3. Create the Extraction Pipeline
Now, we'll build the main extraction logic. Create a new file called document_pipeline.py and add the following code:
import openai
from google.langextract import extract
import pandas as pd
# Load the API key
from config import OPENAI_API_KEY
# Configure OpenAI
openai.api_key = OPENAI_API_KEY
def extract_structured_data(text):
"""Extract structured data from unstructured text using OpenAI"""
prompt = f"Extract the following information from the text and return it as a JSON object:\n"
prompt += f"- Name\n- Email\n- Phone Number\n- Company\n"
prompt += f"Text: {text}"
response = openai.ChatCompletion.create(
model="gpt-3.5-turbo",
messages=[
{"role": "system", "content": "You are a helpful assistant."},
{"role": "user", "content": prompt}
],
max_tokens=200,
temperature=0.3
)
return response['choices'][0]['message']['content']

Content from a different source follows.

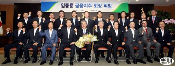 임종룡 농협금융지주 신임 회장(앞줄 왼쪽에서 다섯번째)이 11일 오전 서울 서대문 농협중앙회 본사에서 열린 취임식을 마친 뒤 임원들과 기념촬영을 하고 있다.
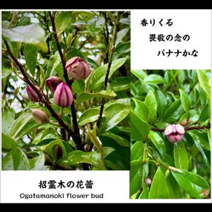 【万葉の中庭シリーズ:招霊木編】 ♧オガタマノキ:招霊木:banana shrub 小賀玉木の花蕾:Ogatamanoki flower bud 📝万葉の中庭で開花しようとしているオガタマノキの花蕾がたくさんみられます。 鼻を近づけるとバナナの香りがしますので、花言葉をかけて俺流の頓珍漢な一句を詠んでみました🐶 《一九献上》 「香りくる畏敬の念のバナナかな」 訳意;"The scent of Ogatamanoki is very gentle, similar to the scent of banana, and I tried to bring my nose closer with awe.." 【豆知識】 ♡オガタマノキの花言葉は、「畏敬の念」デス🐶 招霊木とも呼ばれて、縁起の良い木とされることに由来しています。 ♡オガタマノキ:招霊木・小賀玉木・黄心樹 学名;Michelia compressaは、モクレン科オガタマノキ属の常緑高木。 日本に自生するモクレン科では唯一の常緑樹である。 別名:オガタマ、バナナツリー、トキワコブシ、ダイシコウ 英名:banana shrub *名前は「招霊(おきたま/おぎたま)」が転化したもので、日本原産のオガタマノキは神木として神社の境内に植栽され、サカキの代わりに神前に供える地方もある。 ・モクレン科オガタマノキ属の落葉広葉樹で、関東地方以西の温暖な地に自生する。 ・トキワコブシ(常葉辛夷)という名が示すとおり、モクレン科の中では稀な常緑樹であり、皮質の葉は光沢があって美しい。 神事に使われるようになったのは、このあたりに要因があるのではないかと言われている。 ・成長は遅いが大きく育つため、一般家庭では鉢植えで管理するのが望ましい。 ・バナナツリーという別名のとおり、3月~4月にかけてバナナの香りがする花が咲く。 葉がよく茂り光沢があり、花はクリーム色で基部に紅の線が入って美しい。 ・一般家庭の庭木として普及しているのは、日本原産のオガタマノキではなく、カラタネオガタマ(=トウオガタマ)などの外来種。 他にも雲南オガタマ、パープルクイーンなどの品種が好まれている。 ・和名は神道思想の「招霊」(おぎたま)から転化したもの。 和歌、俳句の季語にも用いられる。 🗒日本神話においては天照大神の天岩戸隠れにおいて天岩戸の前で舞った天鈿女命が手にしていたとする説がある。 榊の自生しない地域を中心に神前に供える玉串として古くから代用されたり、神木とされて神社の神域などに植栽されている例がみられる。 ・常陸宮正仁親王のお印であり、宮崎県高千穂町や三重県伊勢市などが町のシンボルとしている。 ・蹴鞠やサッカーの神様として有名な京都市上京区の白峯神宮には樹齢800年のものがあり、京都市天然記念物に指定されている。 ✍️Works:Poetaster Kazyan//筍歌人 藪中和堂 Artistic:Ogatamanoki flower bud April 7,2023:past am 08:00';📱shooting Spril 7,2023:past am 11:40’;upload by Kazyan’s Green Studio

def process_document(text):
"""Process a document and return structured data"""
# First, use LangExtract to get initial structure
langextract_result = extract(text)
# Then, use OpenAI to extract specific fields
extracted_data = extract_structured_data(text)
# Combine results
return {
"langextract": langextract_result,
"structured": extracted_data
}
Why? This function uses two tools:
- LangExtract: Provides a general structure of the document
- OpenAI: Extracts specific fields (name, email, etc.) in a structured format
4. Test the Pipeline
Let's test our pipeline with a sample document. Create a file called test_pipeline.py with this code:
from document_pipeline import process_document
# Sample document text
sample_text = "John Smith works at Google. His email is [email protected] and his phone number is (555) 123-4567."
# Process the document
result = process_document(sample_text)
print("LangExtract Result:")
print(result['langextract'])
print("\nStructured Data:")
print(result['structured'])
Why? This test ensures our pipeline works as expected before we move on to visualization.
5. Visualize the Results
Now, let's create an interactive visualization. Add this to your document_pipeline.py file:
import plotly.express as px
def visualize_extraction(data):
"""Create an interactive chart showing extracted data"""
# Convert structured data to a DataFrame
df = pd.DataFrame([data])
# Create a simple bar chart
fig = px.bar(df, x='Name', y='Email', title='Document Extraction Results')
fig.show()
Why? Visualization helps us understand and present the extracted data in an easy-to-read format.
6. Run the Complete Pipeline
Finally, let's run everything together. Update your test_pipeline.py file:
from document_pipeline import process_document, visualize_extraction
# Sample document text
sample_text = "John Smith works at Google. His email is [email protected] and his phone number is (555) 123-4567."
# Process the document
result = process_document(sample_text)
print("LangExtract Result:")
print(result['langextract'])
print("\nStructured Data:")
print(result['structured'])
# Visualize the results
visualize_extraction(result['structured'])
Why? This combines all our components into a full working pipeline.
Summary
Congratulations! You've built a complete document intelligence pipeline that:
- Processes unstructured text
- Uses Google's LangExtract for initial structure
- Uses OpenAI models for specific field extraction
- Visualizes the results interactively
This pipeline can be extended to handle more complex document types, additional fields, and more sophisticated visualizations. You've now learned the basics of building advanced document intelligence systems using modern AI tools.